A economia solidária e a autogestão seguem vivas no Brasil — não como promessas distantes, mas como experiências concretas de resistência e reinvenção do trabalho. São centenas de iniciativas espalhadas pelo país, surgindo onde o mercado tradicional não chega e onde o Estado muitas vezes falha.
A força da solidariedade
A economia solidária abriga cooperativas, associações, grupos de produção coletiva, bancos comunitários, feiras e redes de troca. São empreendimentos que não visam o lucro individual, mas o bem comum. São espaços onde o trabalho é organizado por quem o executa, e os frutos são divididos com justiça.
Essas experiências brotam, sobretudo, entre populações historicamente excluídas: mulheres periféricas, juventudes urbanas, comunidades indígenas e quilombolas, trabalhadores informais, catadores de materiais recicláveis, agricultores familiares. Ali, a autogestão deixa de ser um conceito e se torna prática cotidiana, mesmo que ainda precária em muitos casos.
Autogestão: prática em construção
A autogestão é um dos pilares da economia solidária. Mas ela enfrenta desafios profundos: falta de formação técnica, dificuldades de acesso a crédito, burocracias fiscais e jurídicas, e a ausência de políticas públicas estruturantes.
Muitos empreendimentos ainda oscilam entre a intenção de serem autogestionários e a prática real de uma democracia interna efetiva. Em muitos casos, as desigualdades sociais, raciais e de gênero acabam sendo reproduzidas, mesmo em espaços solidários. A formação continuada e o fortalecimento político dessas organizações são, portanto, urgentes.
Retrocessos institucionais e novas esperanças
A economia solidária sofreu retrocessos severos nos últimos anos, especialmente com o fim da Secretaria Nacional de Economia Solidária (SENAES) e a desestruturação das políticas públicas voltadas ao setor. Apesar disso, experiências locais seguem ativas em diversos municípios e estados, ainda que de forma desarticulada e fragilizada.

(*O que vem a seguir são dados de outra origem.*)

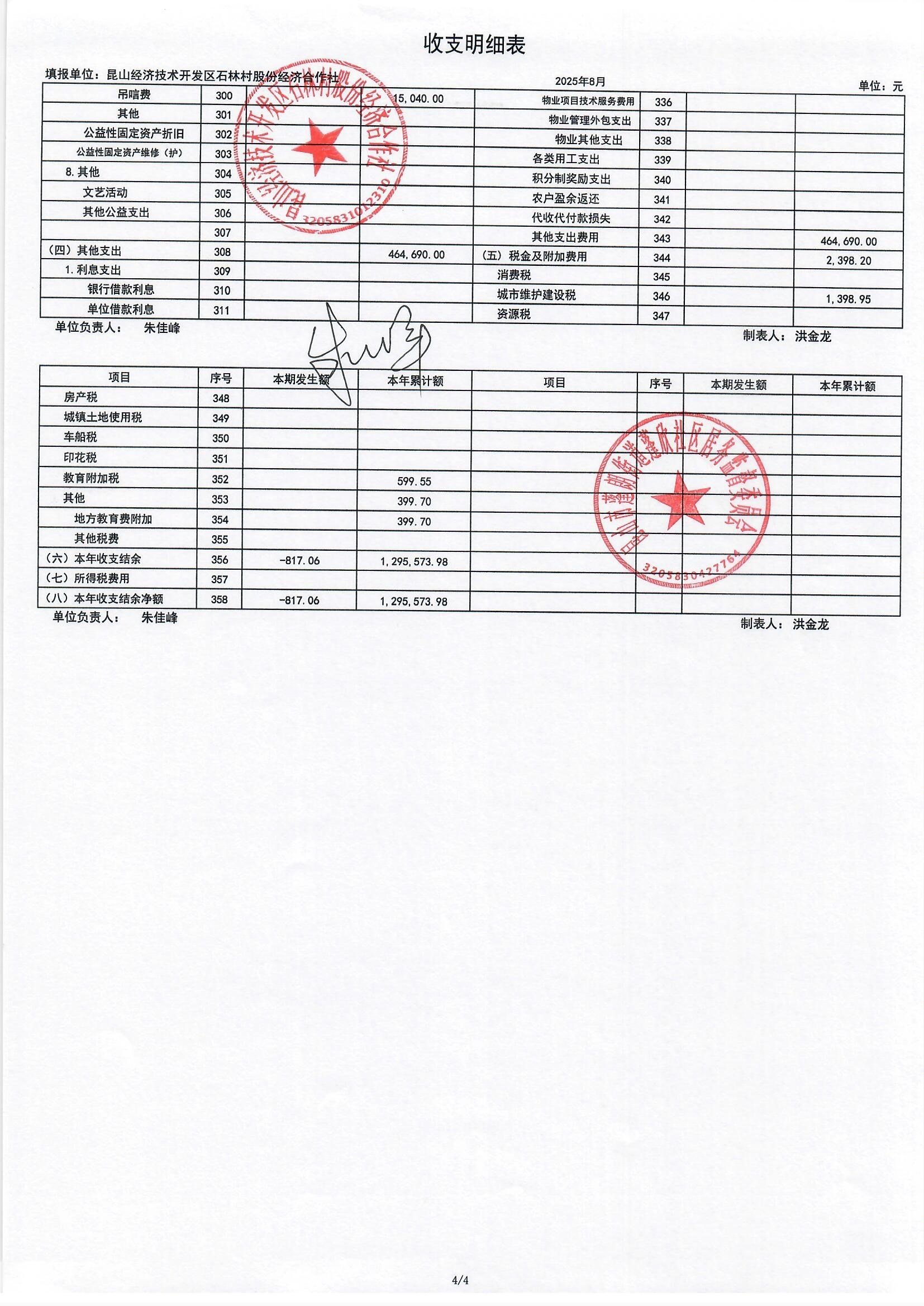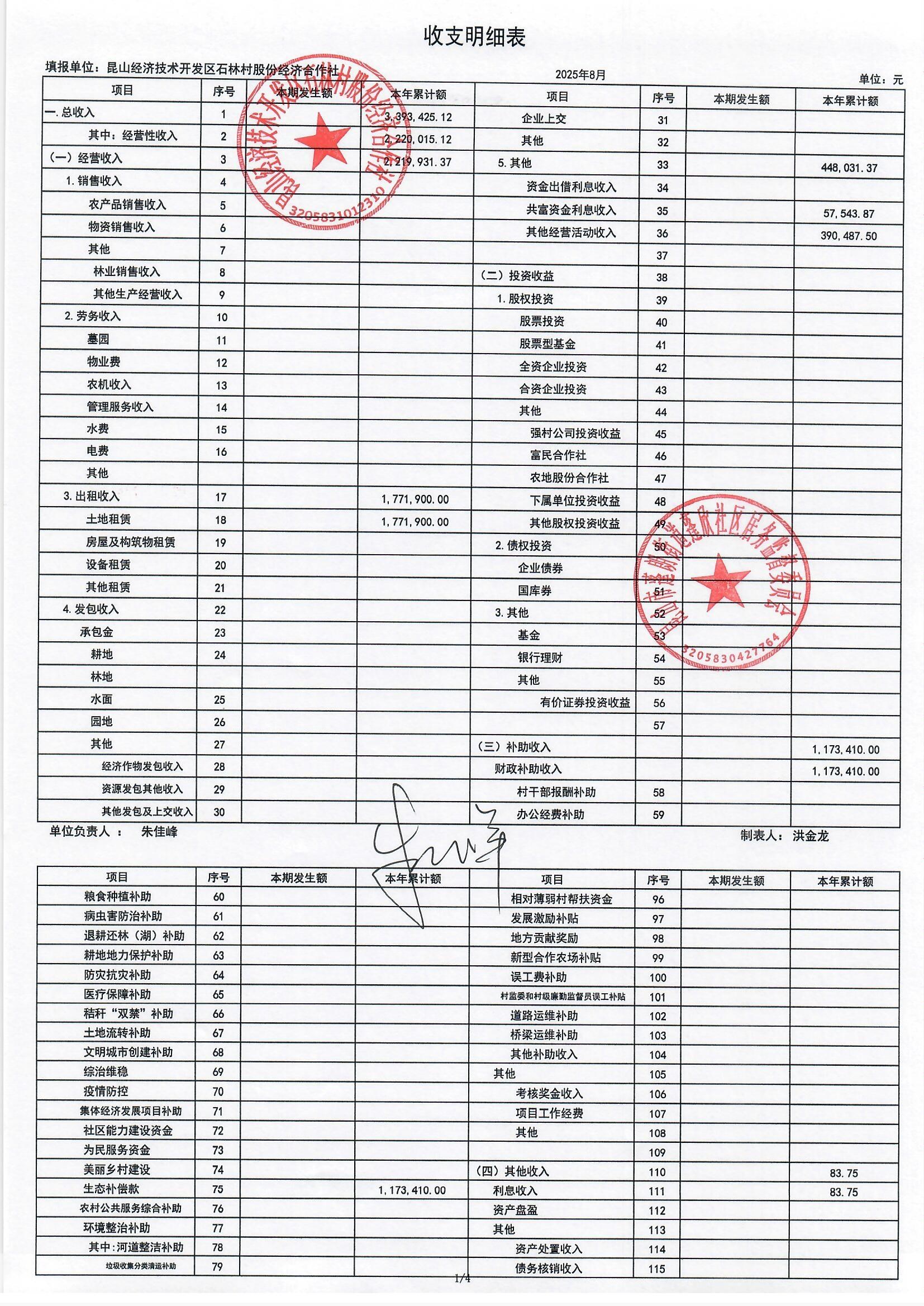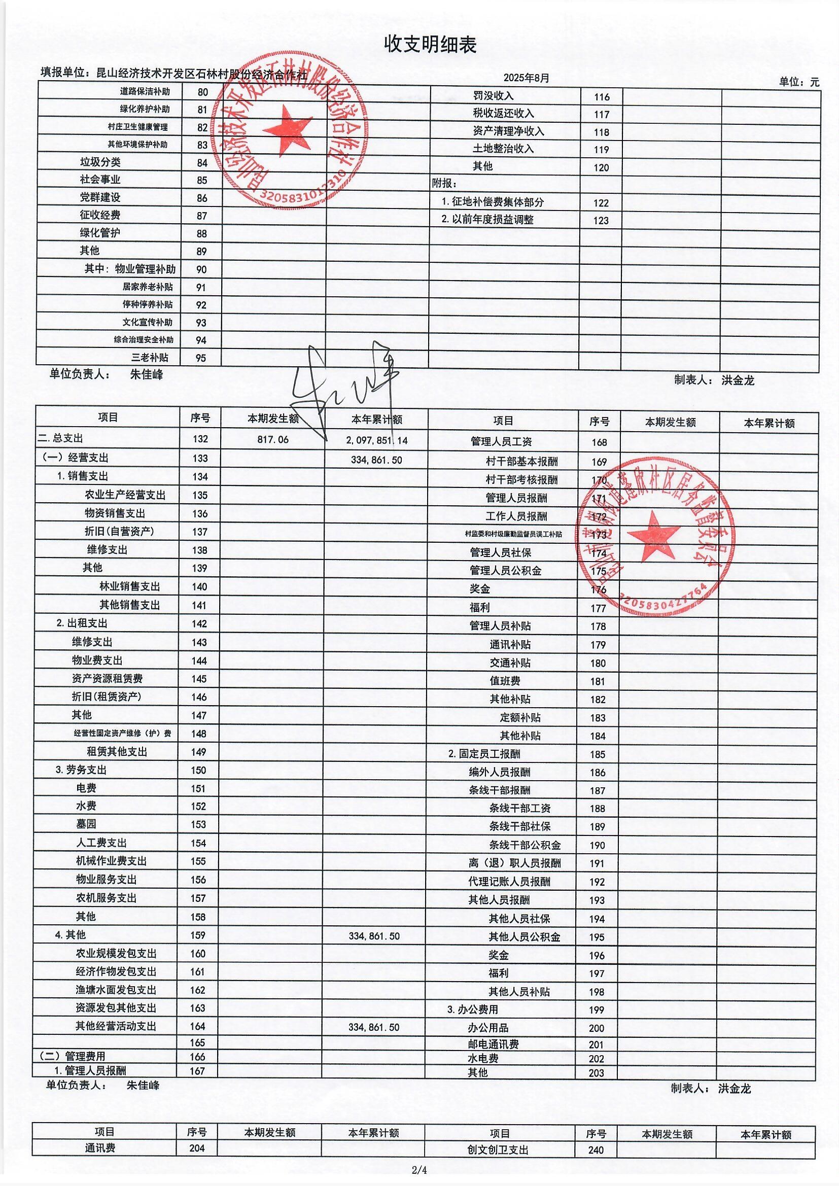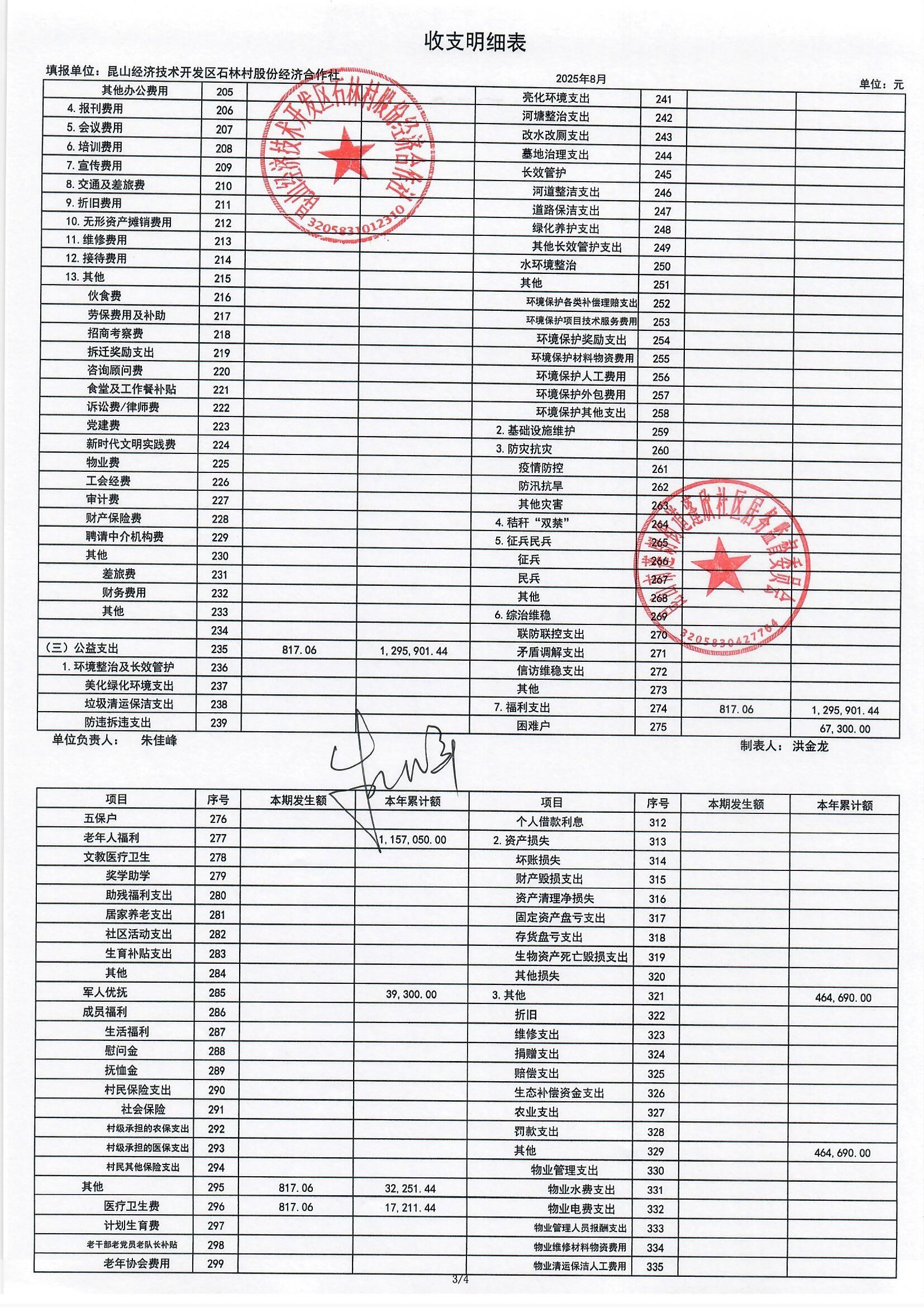 2025年8月份石林村股份經(jīng)濟合作社財務(wù)公開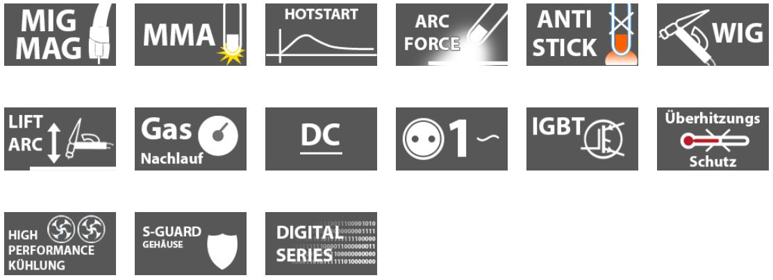 Il processo di saldatura con alimentazione automatica del filo è adatto a molte applicazioni di saldatura, anche per lavori in punti difficili da raggiungere. Il dispositivo eroga 30-165A in modalità MIG, 30-160A in modalità MMA (saldatura a elettrodo) e 10-160A in modalità TIG opzionale.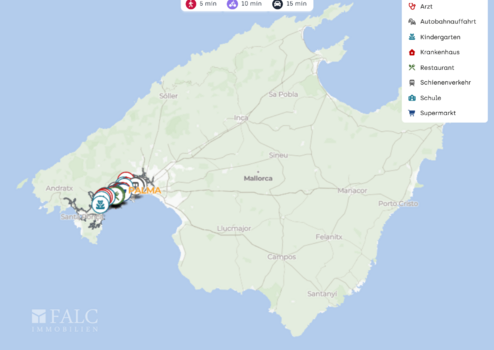 Der Flughafen Palma de Mallorca ist ebenfalls gut erreichbar, was die Lage auch für Zweitwohnsitz oder regelmäßige Aufenthalte besonders komfortabel macht.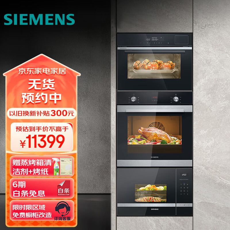 西门子(SIEMENS)微蒸烤箱套装 欧洲原装进口烤箱+国产嵌入式蒸箱+微波炉 自清洁HB313+CD289+BE525价格:15999.00元!
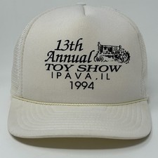 Vintage 90s Toy Show Ipava Illinois Trucker Hat Baseball Cap Mesh Snapback White

A reestruturação recente do Ministério do Trabalho e Emprego reacendeu esperanças nos movimentos sociais, que pressionam pela retomada de políticas nacionais de fomento à economia solidária. Ainda assim, os resultados concretos são tímidos frente à dimensão da crise social e da exclusão estrutural que persiste.
O que pode sustentar a economia solidária?
Para que a economia solidária deixe de ser alternativa marginal e se torne parte de um novo modelo de desenvolvimento, alguns caminhos se mostram indispensáveis:
Educação para a autogestão: formar sujeitos cooperativos e conscientes é o alicerce para práticas democráticas e justas;
Intercooperação real: como costumo dizer, a sustentabilidade só virá com a intercooperação — a cooperação entre cooperativas, criando redes solidárias de produção, comercialização e consumo;
Tecnologia a serviço da solidariedade: plataformas digitais cooperativas, moedas sociais digitais, redes de crédito mútuo e sistemas descentralizados podem potencializar a autonomia;
Territórios solidários: fortalecer bases territoriais com vínculos culturais, ecológicos e comunitários.
Conclusão
A economia solidária e a autogestão não são utopias distantes: são práticas vivas, embora ainda frágeis, que precisam de apoio, visibilidade e articulação para florescer plenamente. Neste cenário, a intercooperação se revela como chave para a sustentabilidade de um modelo que põe o ser humano, o trabalho digno e o bem viver no centro do desenvolvimento.